ECONOMY

Tweaking recap coverage will cut debt

The IMF’s assessment of the first Greek bailout program is correct overall and the self-criticism it has exercised should be welcome. In a number of aspects, it agrees with part of the criticism directed at the design of the original plan over the past few years. But the main goal of the assessment appears to be to highlight the importance of making the Greek public debt sustainable as soon as possible. The ball is obviously in the eurozone’s court but there are no signs it is willing to score.

Dominique Strauss-Kahn, the former managing director of the International Monetary Fund (IMF), was right when he reportedly told Greek officials back in May 2010 that the country’s best course of action would be to restructure its public debt, essentially to default. Nevertheless, the then socialist government under Prime Minister George Papandreou had neither the guts nor a plan to follow his advice in the face of strong objections from Germany and France.

The two core countries of the eurozone knew that some of their banks would have ended up with a big capital gap because of the large holdings of Greek government bonds (GGBs) and they also feared creating havoc in international financial markets if they agreed to a Greek debt restructuring at the time.

It is reminded that Greece signed the first Memorandum of Understanding (MoU) with the European Commission, the IMF and the European Central Bank in May 2010, having been shut out of the markets after the relevant Greek authorities had mishandled the seven-year bond issue a month earlier.

There is no doubt that the first adjustment program failed in many respects. The economy shrank by 4.9 percent in real terms in 2010, 7.1 percent in 2011 and 6 percent in 2012 compared to the plan’s forecasts for a decline of the real gross domestic product (GDP) by 4 percent in 2010, 2.6 percent in 2011 and real growth of 1.1 percent in 2013 and 2.2 percent in 2012 .
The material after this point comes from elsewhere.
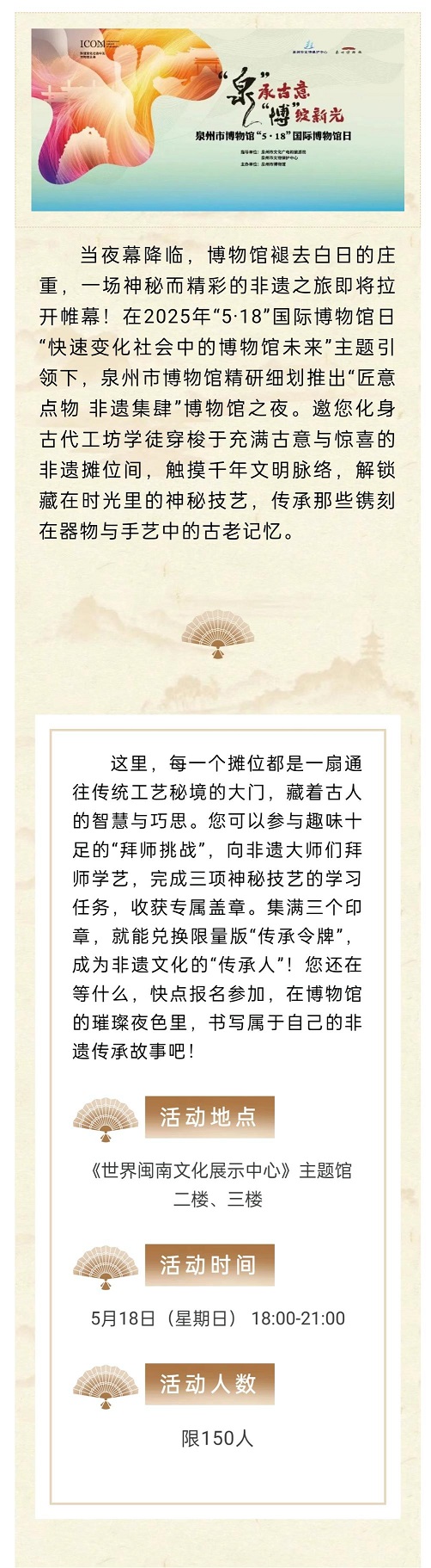 活动简介:在2025年“5·18”国际博物馆日“快速变化社会中的博物馆未来”主题引领下,泉州市博物馆精研细划推出“匠意点物 非遗集肆”博物馆之夜。邀您化身古代工坊学徒穿梭于充满古意与惊喜的非遗摊位间,触摸千年文明脉络,解锁藏在时光里的神秘技艺,传承那些镌刻在器物与手艺中的古老记忆。

What’s more, the unemployment rate was supposed to peak at 14.8 percent in 2012 from 7.7 percent in 2008, but instead rose close to 27 percent according to the most recent data.

Of course, nobody wants to father a failed program, especially if they have financed it. Therefore, it comes as no surprise that German and other European Union officials blame the failure of the program on the insufficient implementation of structural reforms by the Greeks. On the other side, critics of the program largely blame excessive austerity, which helped increase resistance to reforms as well.

Although the insufficient implementation of reforms has played some part in the program’s failure, it is the overdose of austerity in a largely closed economy along with a developing credit crunch that caused the most damage in this country.

First-quarter figures for 2013 showing single digit growth in Greek merchandise exports despite a sharp decrease in unit labor costs – a yardstick for international competitiveness – in the last couple of years appear to vindicate the second school of thought. This is because structural reforms usually yield fruit in the medium-to-long term, after inflicting costs and pain in the short term.

Undoubtedly, the IMF’s emphasis on rendering the Greek debt sustainable is justified since this will open the way for the state to return to borrowing in international markets at reasonable interest rates, boost economic sentiment, prop up investment spending and lay the foundations for growth. However, this is a call that will be made by those who pay, namely the eurozone and especially Germany. It is definitely not an easy decision.

German government officials appear to be opposed to a haircut on the principal of the Greek Loan Facility (GLF), amounting to more than 52 billion euros, but one has to wait for the outcome of the German elections in the fall before drawing any conclusions.

Eurozone leaders could help avert a haircut and still cut sovereign debt sufficiently by allowing or at least leaving the door open for the European Stability Mechanism (ESM) to recapitalize banks retroactively in the next summit in June. In this case, Greece could see its debt get slashed by up to 30-35 billion euros, or more than 15 percentage points of GDP in the future.

This way, eurozone member states could make good on the decision that they adopted last November to take steps in 2014 and 2015 to bring the Greek debt to a level substantially below 110 percent of GDP by 2022. It is generally assumed that further interest cuts in the GLF and European Financial Stability Facility (EFSF) loans could drive the debt ratio down to 124 percent in 2020, but many think it would take principal haircuts on the GLF to go well below 110 percent by 2022.

Allowing the recapitalization of eurozone banks by the ESM retroactively makes that possible, without resorting to principal loan haircuts or playing around with structural funds earmarked for Greece.

If the IMF’s intention was to refocus the debate on the sustainability of the Greek debt by referring to the shortcomings of the first Greek adjustment program, it has certainly been successful despite irritating the EU and the Germans in particular. Whether it can lead to a solution where common sense rules over the creditors’ belief that debtors must suffer for their sins is something that remains to be seen.